Italian politician (1930–2019)

Vanda Dignani Grimaldi (25 July 1930 – 18 April 2019) was an Italian politician. She was a member of the Chamber of Deputies for the Italian Communist Party and the Democratic Party of the Left. She was the first blind person to serve in the Italian parliament.

== Early life ==
Dignani Grimaldi was born on 25 July 1930 in San Severino Marche, Macerata. She had a sister, Ivana, and she was married to Luigi Grimaldi. She received a university degree in philosophy and worked as a teacher. She was president of the provincial section of the Italian Union of Blind and Partially Sighted People.

== Political career ==
Dignani Grimaldi was elected as a councillor of Macerata in 1990 and re-elected in 1995. She also served as the municipal health councillor for four years.

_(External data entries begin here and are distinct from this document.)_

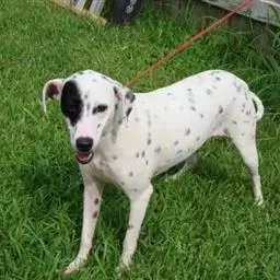 大麦町犬(Dalmatian,也叫斑点狗),原产地南斯拉夫。平静而警惕、轮廓匀称、强健、肌肉发达、且活泼,毫不羞怯,表情聪明伶俐,听话易训,感觉敏锐,警戒心强,容易与小孩相处。大麦町犬具有极大的耐力,而且奔跑速度相当快。后躯有力,拥有平滑且清晰的肌肉。大麦町因为拥有出色的奔跑与撕咬能力,所以也经常被用作比赛犬。大麦町犬出生时是白色的,斑点能改变,小狗时身上出现轻微的斑点,随着逐渐长大,斑点也变得明显,并成为特有的标志。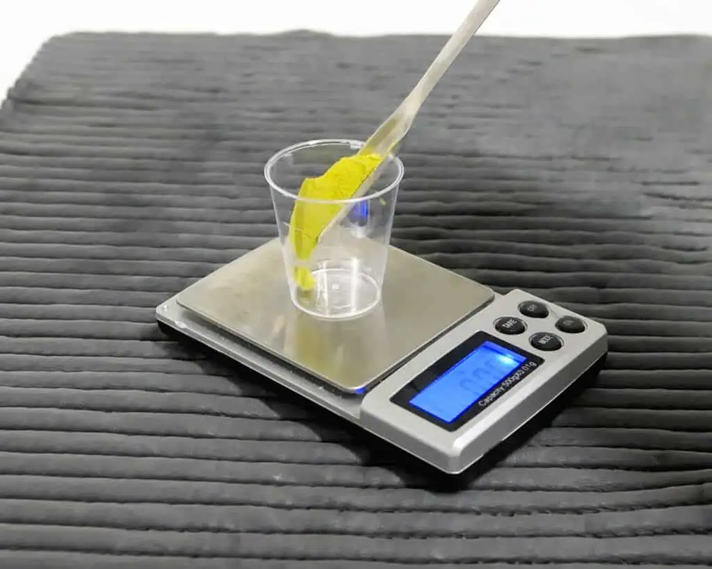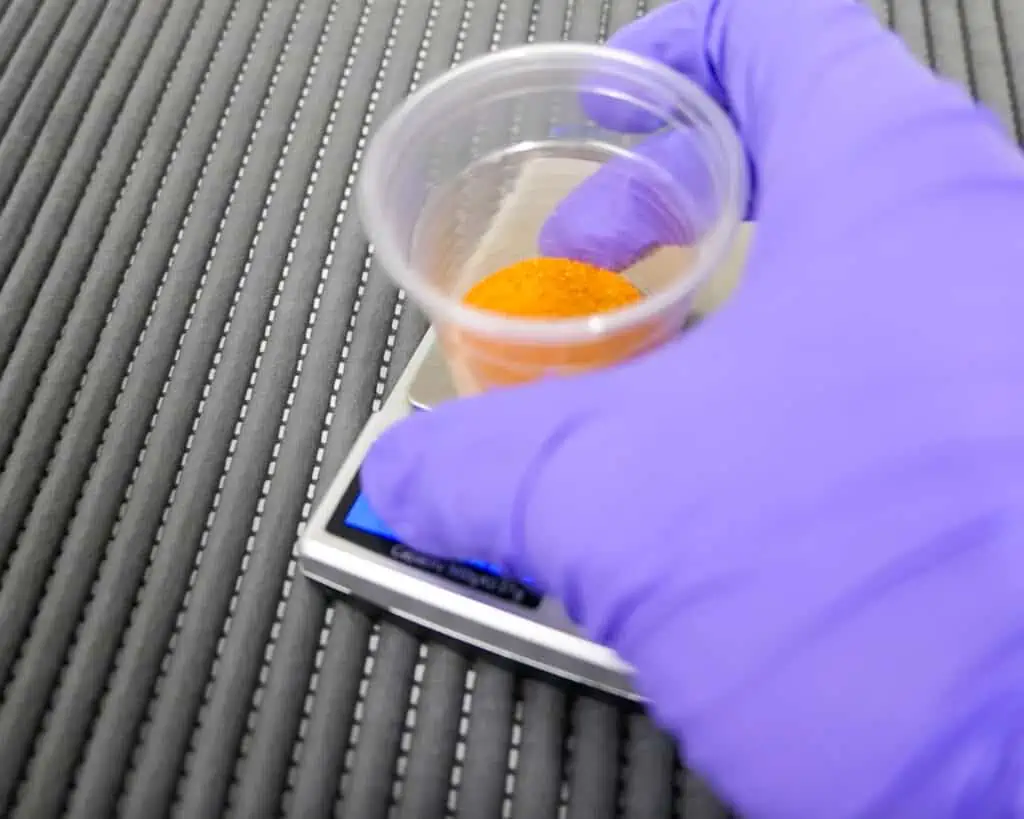 Begin by measuring 100ml of distilled water and weighing 36g of Ferric Ammonium Citrate. After everything is prepared you can start mixing. Try not to add the whole amount of chemicals inside the water at once. Nothing will be wrong, it will only take much longer for the Ferric Ammonium Citrate to dissolve. So add it slowly while mixing. When everything has dissolved you can pour the solution into the storage bottle. I prefer using brown bottles to prevent any bacteria growth.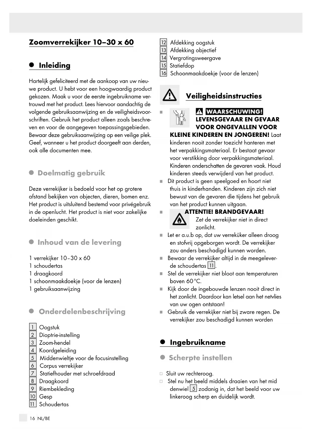 KLEINE KINDEREN EN JONGEREN! Laat kinderen nooit zonder toezicht hanteren met het verpakkingsmateriaal. Er bestaat gevaar voor verstikking door verpakkingsmateriaal. Kinderen onderschatten de gevaren vaak. Houd kinderen steeds verwijderd van het product. Dit product is geen speelgoed en hoort niet thuis in kinderhanden. Kinderen zijn zich niet bewust van de gevaren die tijdens het gebruik van het product kunnen uitgaan. ATTENTIE! BRANDGEVAAR! Zet de verrekijker niet in direct zonlicht. Let er a.u.b op, dat uw verreküker alleen droog en stofvrij opgeborgen wordt. De verrekijker zou anders beschadigd kunnen worden. Bewaar de verrekijker altijd in de meegelever- de schoudertas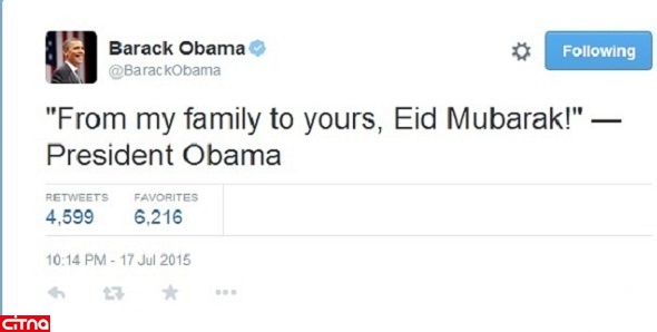 باراک اوباما رئیس جمهور آمریکا با انتشار پستی در صفحه شخصی خود در توئیتر عید فطر را از طرف خود و خانواده اش تبریک گفت.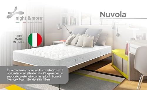 Night & more materassi italiani- Materasso Nuvola, Poliuretano, Singolo
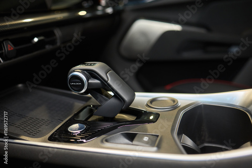 © Евгений Вершинин, Fototapeta premium Macro shot of a car gear lever an essential auto part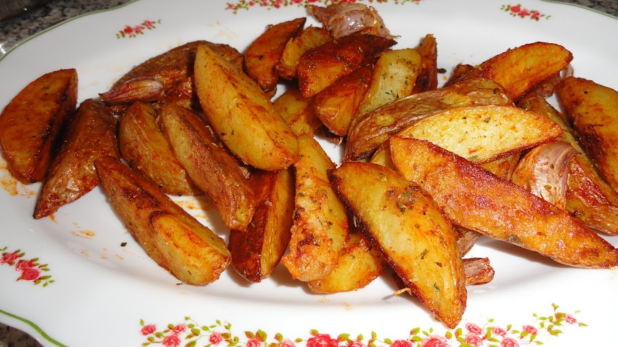 Se ponen a freír las patatas cortadas en gajos gorditos, también echamos en la sartén unos ajos con piel, pero un poco machacados. Se ponen a fuego lento para que queden blanditas y se hagan por dentro, cuando las pinchemos y estén tiernas se sube a fuego fuerte para dorar por fuera. Una vez fritas y cuando todavía estén calentitas se colocan en un bol, también los ajos, y se espolvorean de pimentón, comino molido, orégano y sal. Están riquísimas y al que le gusten los ajos..." guenos, guenos."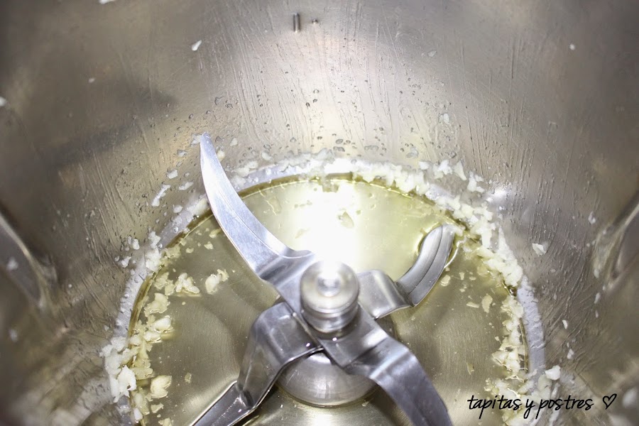 Ponemos el ajo en el vaso y lo cortamos 3 segundos a velocidad 7.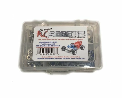 This is a optional RCScrewz Stainless Steel Metric screw kit for the Associated RC10 T5M. RCScrewz Stainless Screw Kits are 100% complete. Your kit will include everything needed to do a full conversion and more. Stainless Steel Screw Kits are far superior to the screws that come stock with your RC. RCScrewz kits are made with the best stainless steel money can buy. No more bent, rusted, or corroded screws. Never worry about stripped heads again. You will not find a better screw kit for your RC at any price and RCScrewz Guarantee’s it. If for any reason your not 100% satisfied with your kit, return your screw kit to RCScrewz and they will send you a full refund for the price of the kit.

She was first elected to the Chamber of Deputies on 5 July 1983 as a representative for the Ancona-Pesaro-Macerata-Ascoli Piceno district in the 1983 general election. She was a member of the Italian Communist Party (PCI). She served as a member on the committee of internal affairs. She was the first blind person to serve in the Italian parliament. Dignani Grimaldi was re-elected in the 1987 general election on 26 June 1987 as a member of the PCI, but she changed parties to become a member of the Democratic Party of the Left (PDS) on 13 February 1991 when the PCI was dissolved. She was a member of the PDS for the remainder of her term in office. She was appointed as a member of the committee of social affairs. She left office on 22 April 1992.

== Later life ==
Dignani Grimaldi died on 18 April 2019 in Matelica, at the age of 88.